Wednesday, June 5, 2013

Running R Scripts Directly From Dropbox

I have written a little function that allows users to run R scripts out of Dropbox directly from any location.  It was aided by this post on biobucket.  The reason I am particularly interested in this feature is because I am often using a server to run my R code.  This otherwise would require me to upload my R script directly to the server every time I make a change.  However, I can instantly test my code on the server by having it run the code remotely since dropbox is very good at detecting changes and updating its database instantly.
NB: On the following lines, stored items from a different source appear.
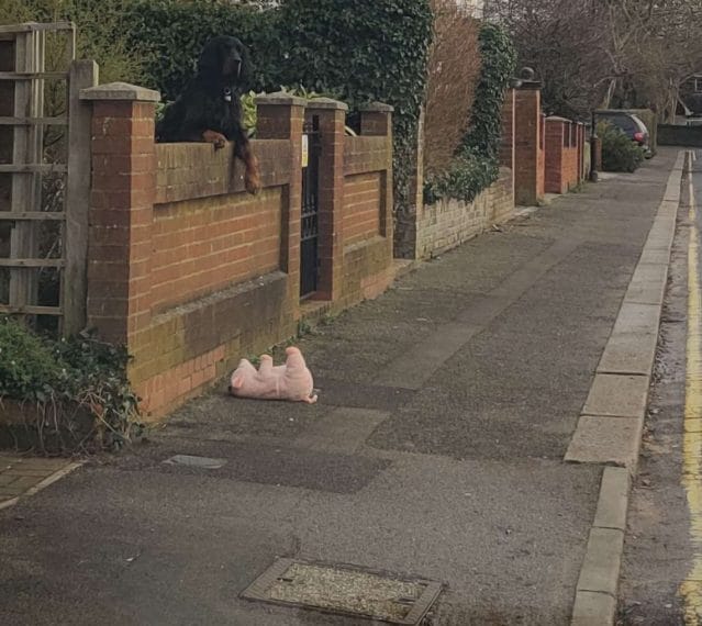 Una donna di nome Claire, di Basingstoke nel sud del'Inghilterra, ha pubblicato queste foto in cui ha spiegato la storia. Stava camminando in auto quando ha notato un peluche sul marciapiede: all'inizio non ha capito cosa fosse ma poi si è resa conto che apparteneva a quel cane che disperatamente provava a recuperarlo. Così si è fermata per ridare il maialino al legittimo proprietario.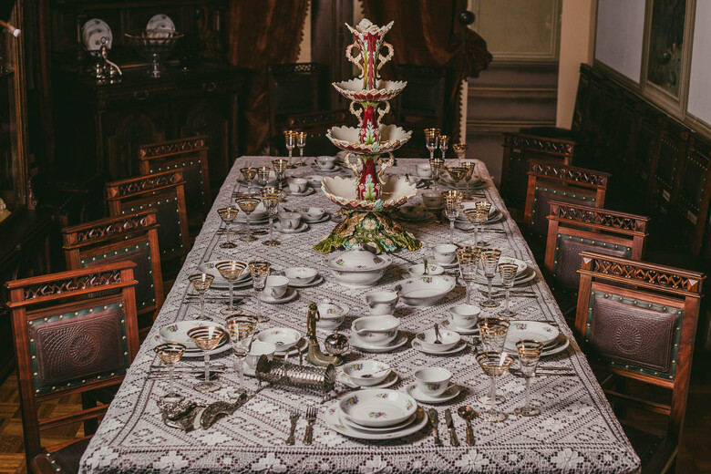 A través de ellas observamos detalles como el comedor, las salas de estar, baños, habitaciones de la época, así como vestimentas, documentos y acercamientos al ornamento y mosaicos característicos del Palacio.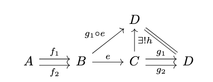 Then, since \(e \circ f_1 = e \circ f_2\) by definition, it follows that \((g_1 \circ e) \circ f_1 = (g_1 \circ e) \circ f_2\). Then, since \(e\) is a coequalizer, it follows that there exists a unique morphism \(h : C \rightarrow D\) such that \(h \circ e = g_1 \circ e\). However, \(g_2\) is a morphism such that \(g_2 \circ e = g_1 \circ e\), and thus, since such a morphism must be unique, it follows that \(g_1 = g_2\). Hence, \(e\) is an epimorphism. \(\square\)
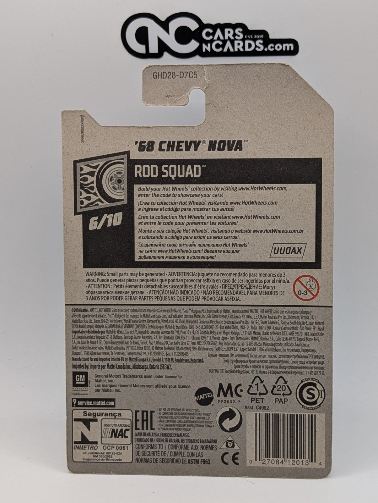 2020 Hot Wheels Rod Squad 6/10 '68 Chevy Nova Green 73/250 (Card Damage)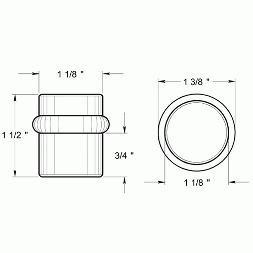 Floor Mounted Bumper in Solid Brass - a solid brass universal round shape modern floor mounted bumper (Flat Black Finish) - this measures 1 1/2 inch tall and 1 1/8 inch in diameter (the rubber extends the diameter to 1 3/8 inch). It also comes complete with the mounting screws.

# Evaluate code directly from a dropbox file
dropbox.eval <- function(x, noeval=F) {
  require(RCurl)
  # Load the file into memory as a text file with getURL
  intext <- getURL(paste0("https://dl.dropboxusercontent.com/",x), 
                        ssl.verifypeer = FALSE)
  # For some reason \r seem to be frequently inserted into 
  #   the script files that I save.  They present a problem
  #   so I remove them using gsub.
  intext <- gsub("\r","", intext)
  # Evaluate the input file.
  if (!noeval) eval(parse(text = intext), envir= .GlobalEnv)
  # Finally return the dropbox script as text.
  return(intext)
}
 
dropbox.eval("sh/1fjpw58gko634ye/C74hTEkknP/Demo.R")
Highlighted by Pretty R at inside-R.org

I also found that there is a R package built specifically for interfacing with dropbox which looks pretty great at https://github.com/karthikram/rDrop.  I have not yet implemented it.

This command can also be found at
https://github.com/EconometricsBySimulation/RConcerto/blob/master/Package.R

I am starting work on a package (RConcerto) meant to provide tools for helping in the production of Concerto online tests.  It also includes tools for generating HTML objects.  More on this in the future.